Apparently, Proctor has hit Mary Warren before. In Salem, this is an acceptable way of dealing with miscreant servants and slaves.
Mary returns to her spinning wheel. In the past Proctor’s threats silenced her. Not this time.
Many in Salem are deeply disturbed by the witch hunt. But they are afraid, not wanting to attract attention. John Proctor is different—he loudly asserts the entire thing is a fraud.
Proctor is a large man, tall, broad-shouldered, and stout. He and his family live just outside the village and attend the town church. Like Francis Nurse, Proctor’s decision not to support the village parsonage infuriates the Putnam family and Reverend Parris.

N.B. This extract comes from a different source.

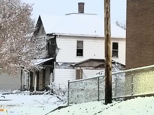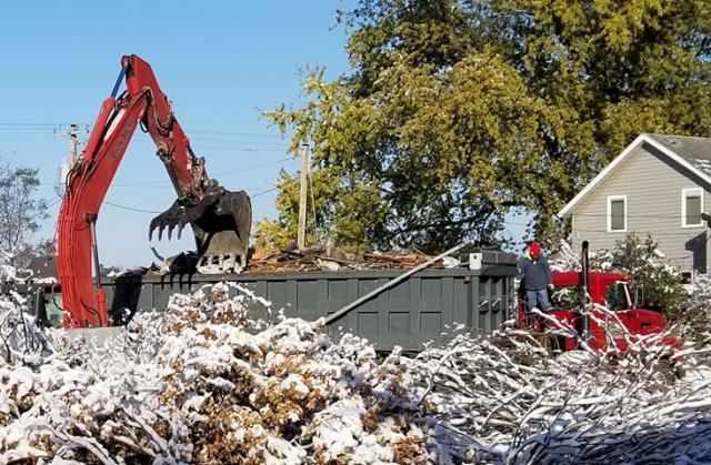 The Shellsburg house damaged by fire back in August, is being torn down today.

John Proctor has been married three times, burying two wives, and has eighteen children. He settles near Salem in 1666, renting seven hundred acres of farmland and opening a tavern on Ipswich Road, the dirt path separating the town and the village. By Salem law, Proctor can serve only nonresidents, so his tavern becomes a popular stopping place for passersby, who often bring the latest news from Boston.
In 1678, Proctor was accused by neighbor Giles Corey and several other men of serving “cider and strong water to an Indian.” Corey testified the man got so drunk he passed out cold on the floor. Proctor is fined a small amount.
But it is actually Proctor’s third wife, Elizabeth, who runs the tavern. She is a robust woman with a tainted past. Her grandmother Ann is a Quaker and a midwife, two reasons Salemites distrust her. Ann’s ability to heal people and safely deliver babies is so unusual that the nearby town of Lynn tries her for practicing witchcraft. She is acquitted but remains suspect.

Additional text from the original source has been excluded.